Eggnog (And other aperitifs)

A big part of a hyggelig Christmas is being with your loved ones. And this holiday season, my husband and I will spend a date night each week trying a new holiday drink while watching Christmas movies. We’ll soon be giving eggnog a try. I think cinnamon on top will be good, don’t you think? We’ll also be having throughout the season, warm, apple cider with brandy and a Danish favorite: mulled wine or “gløgg.” Yum!

Traditions

Little gnome doll sitting on a table

Nisse

Bought from the famous Christmas shop in Copenhagen, we brought home our very own “nisse” – a mischievous elf or gnome from Nordic folklore that’s associated with Christmas. A fun game is finding curious places for nisse around the apartment. No kids in our household, but I still get a giggle out of Jeremy when he spots this curious little guy in silly places.
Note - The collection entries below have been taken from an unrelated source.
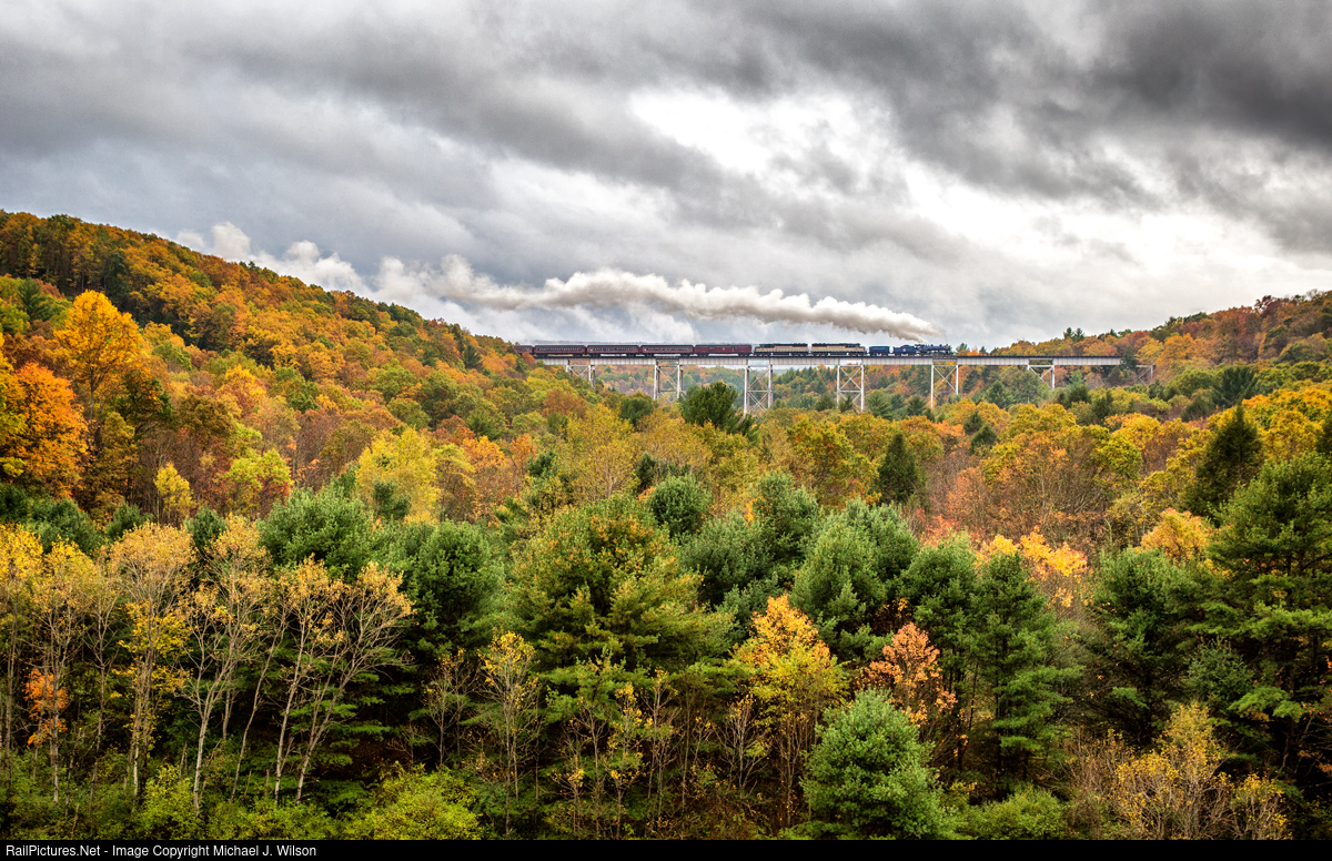 Silence in the colorful fall valley beneath the Hometown High Bridge outside of Hometown, PA on October 23, 2021 is broken by hustle of Reading & Northern #425 as she heads south on former Central Railway of New Jersey trackage leading one of the Reading & Northern's annual fall foliage excursions.
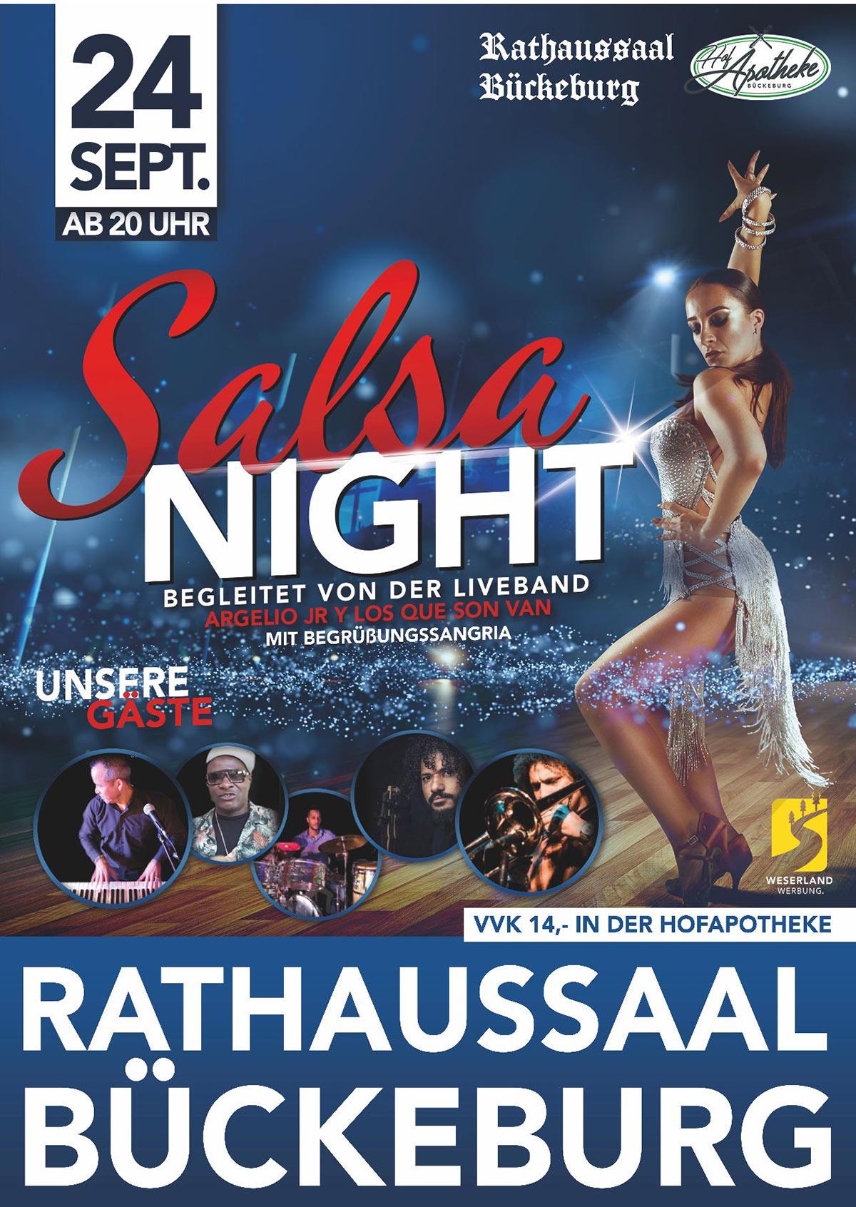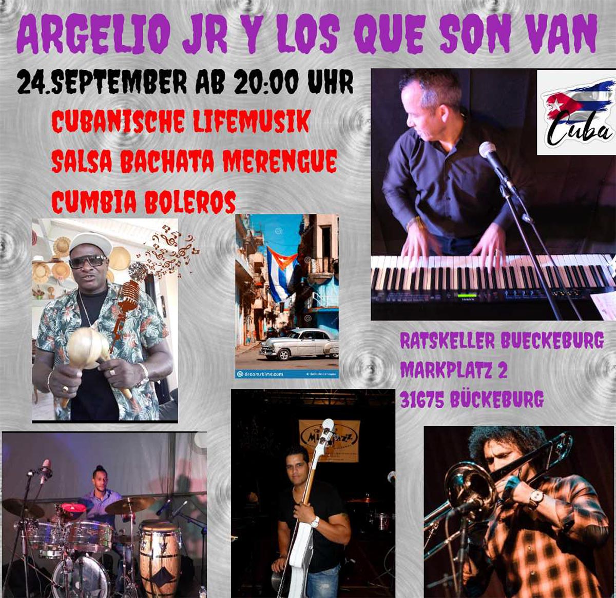 (Bückeburg) „Hola! Euch erwartet die wohl heißeste Nacht des Jahres mit der kubanischen Liveband „Argelio jr y los que son van“ mit richtig guter Salsa-Musik, Bachata und anderen leidenschaftlichen Rhythmen“, kündigt Ratskeller-Pächterin Jennifer Mohme-Xhata an.
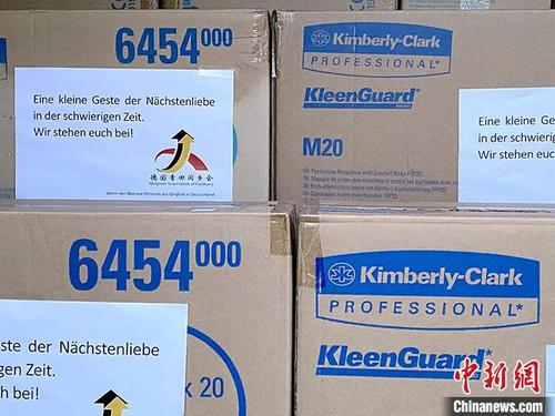 图为捐赠的防疫用品。中国驻杜塞尔多夫总领馆 供图
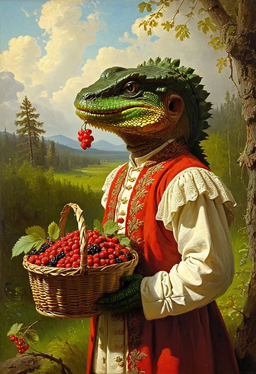 A lizardman holds a basket of berries in its mouth, from side, traditional russian clothing, long-range plan, oil on canvas, by Ivan Shishkin, <lora:ClassipeintXL1.9:0.2>, ,best quality, high resolution, extreme detail, outstanding composition, masterpiece,
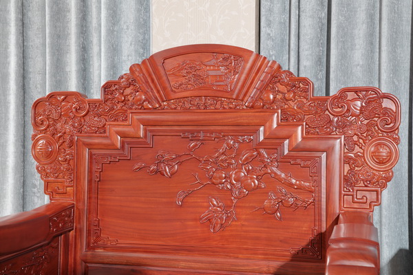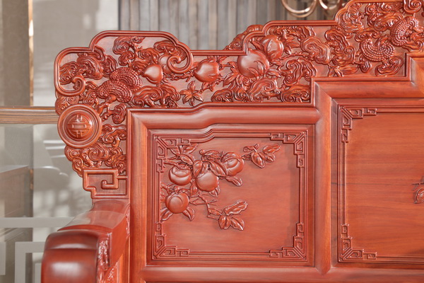 单人位尺寸为长1.17米、宽0.82米、高1.25米,比例协调,坐感舒适。深雕工艺的运用使得图案更加立体生动,尤其是在光线照射下,凹凸之间尽显光影之美。
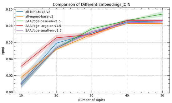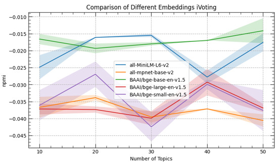 Figure 6 illustrates the comparison of different embeddings on the iVoting platform in terms of NPMI. The results indicate that the all-MiniLM-L6-v2 embedding consistently outperformed other models across varying topic counts, with the highest NPMI values observed at lower topic counts. Conversely, embeddings from the models published by the Beijing Academy of Artificial Intelligence (BAAI)—BAAI/bge-large-en-v1.5 and BAAI/bge-small-en-v1.5—exhibited lower NPMI scores, particularly as the number of topics increased. This suggests that these models may be less effective at capturing the underlying semantic structure. The shaded areas around the curves represent the confidence intervals, highlighting the stability of the different models across multiple trials.
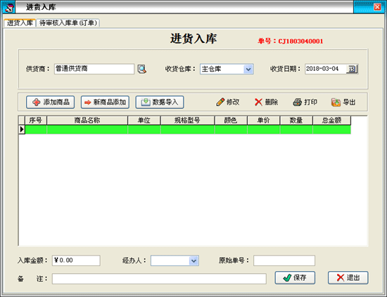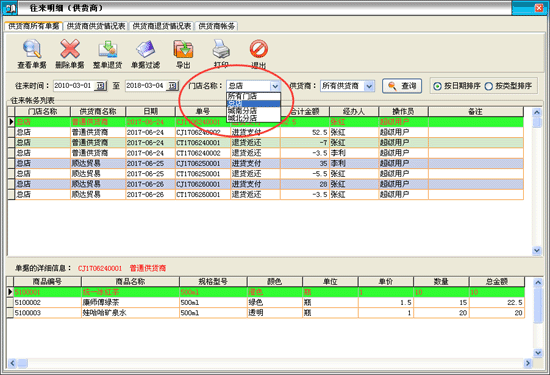 | 進(jìn)貨管理:進(jìn)行進(jìn)貨入庫(kù),退貨出庫(kù),進(jìn)/退單據(jù)和當(dāng)前庫(kù)存查詢,與供貨商的往來(lái)明細(xì)。 | |||
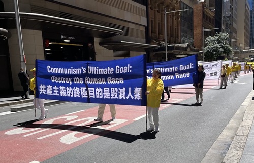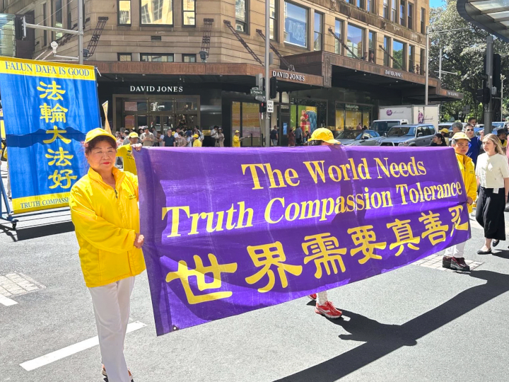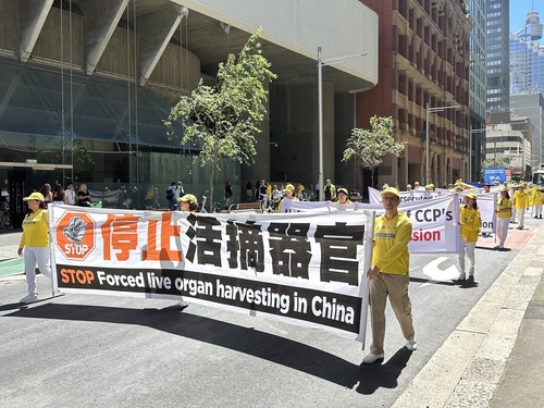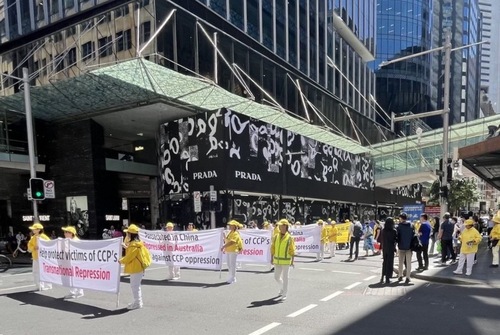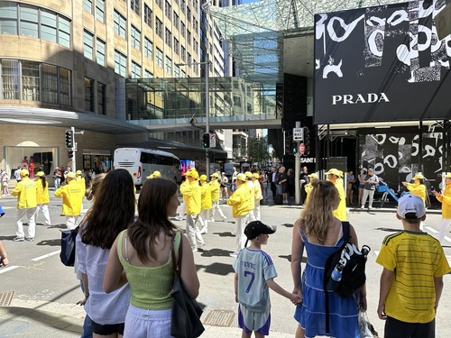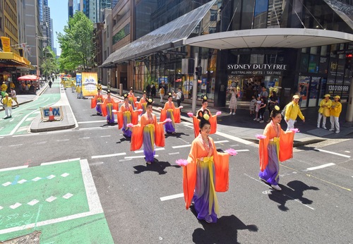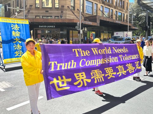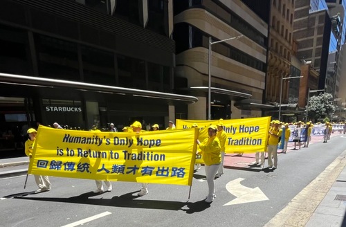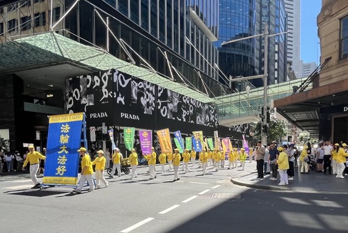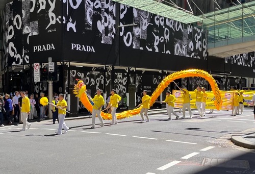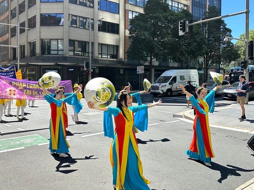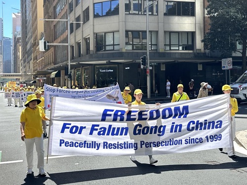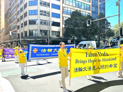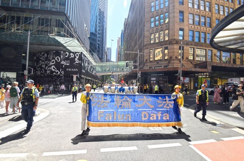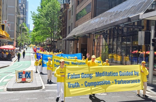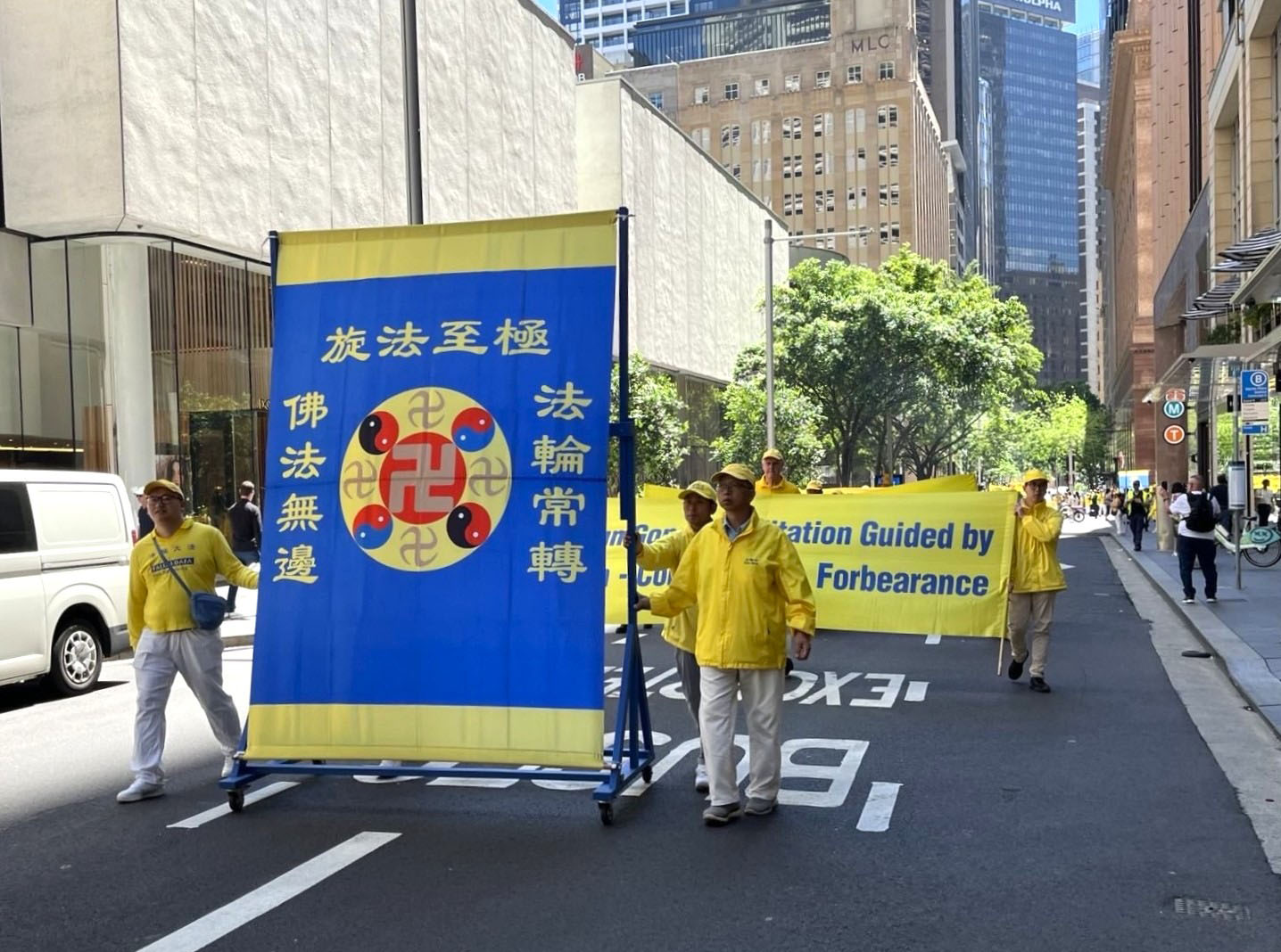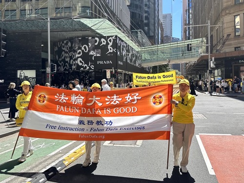Der Demonstrationszug gehörte zu einer dreitägigen Veranstaltungsreihe im Rahmen der australischen Falun-Dafa-Konferenz zum Erfahrungsaustausch 2025. Er setzte sich am Martin Place in Bewegung. Falun-Dafa-Praktizierende verschiedener Ethnien trugen Transparente und Fahnen und führten die Übungen vor.
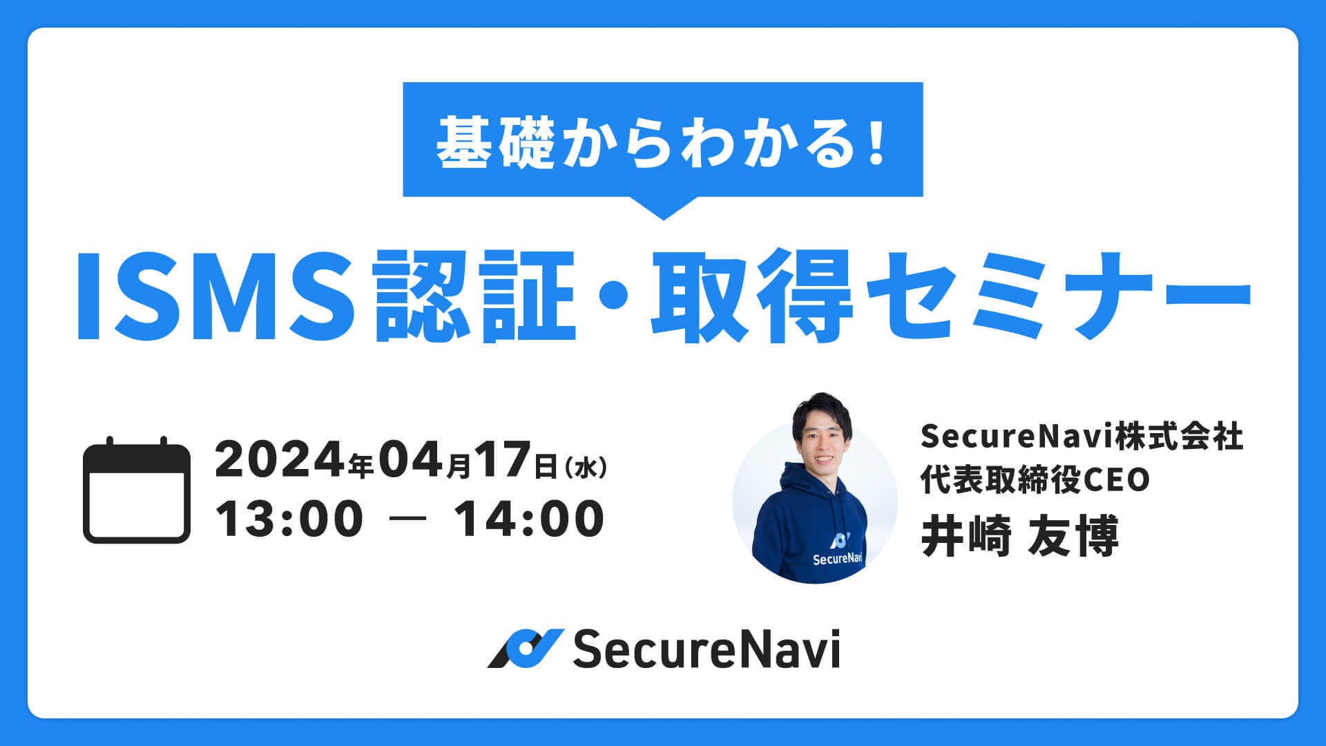 ISMS・Pマークオートメーションツール「SecureNavi」を提供するSecureNavi株式会社(本社:東京都中央区、代表取締役CEO:井崎友博 以下、当社)は、2024年4月17日(水)13:00-14:00に「基礎からわかる!ISMS認証・取得セミナー」を開催します。
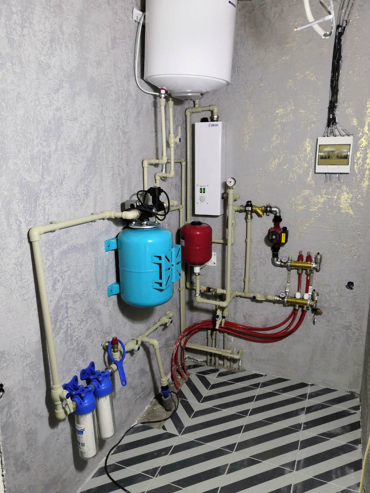 Монтаж электрокотла Эван Next 7 с обвязкой теплых полов и радиаторной сети. Монтаж погружного насоса в скважину и установка бетонных колец под кисон.
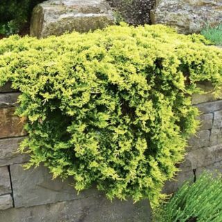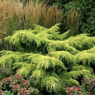 Первоначальная цена составляла 18,90 Бел.руб.13,23 Бел.рубТекущая цена: 13,23 Бел.руб.В корзинуЭффектный сорт, прекрасно сочетает выносливость и высокую декоративность. Отличается компактной стелющейся кроной и яркой окраской хвои. Растёт вширь значительно быстрее, чем в высоту — ежегодный прирост составляет около 5-7 см вверх и до 10 см в стороны. К 10 годам растение достигает 0,5 м в высоту и около 1 м в ширину, образуя аккуратный золотистый ковёр на участке. Хвоя густая, мягкая, с насыщенным золотисто-жёлтым оттенком, который сохраняется даже зимой, лишь приобретая лёгкий бронзовый отлив. Является ярким акцентом в саду в любое время года и отлично вписывается в различные композиции.
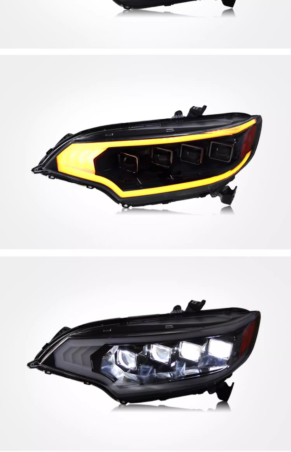 - Superior Illumination: Features integrated LED DRL (Daytime Running Lights), turn signals, and projector lenses for enhanced visibility and modern aesthetics, as shown in the image.
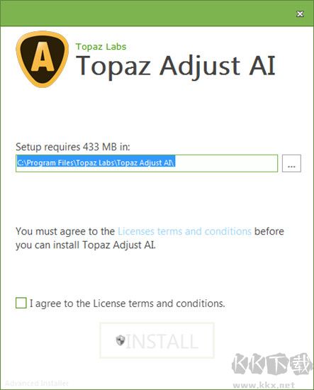 2、雙擊Topaz Adjust AI.exe,選擇目錄,同意條款,點擊install安裝

It reminds me of Elf on the Shelf, but I don’t think (and Danes can correct me if I’m wrong…) that Nisse is used to report back to Santa is kids have been good or not.

Celebrating “J-day”

J-Day or Drunk Day is the first Friday of November, where Danes get crazy drunk. HA! The “J” stands for “Juleøl” which is a seasonal beer from Carlsberg. The brewery drives around town and throws out free bottles of Juleøl (yeah, you read that correctly… free bottles of beer!). The event is meant to symbolize the kickoff to the holiday season. Since I haven’t been able to find this beer in St. Pete, Jeremy and I will enjoy the beginning of the holidays at Disney’s Christmas at Magic Kingdom and with a hearty day (of drinking) at Epcot while watching a celebrity (John Stamos!! Eee!) read during the Disney’s Candlelight Processional.

Happy hyggelig holiday season, everyone!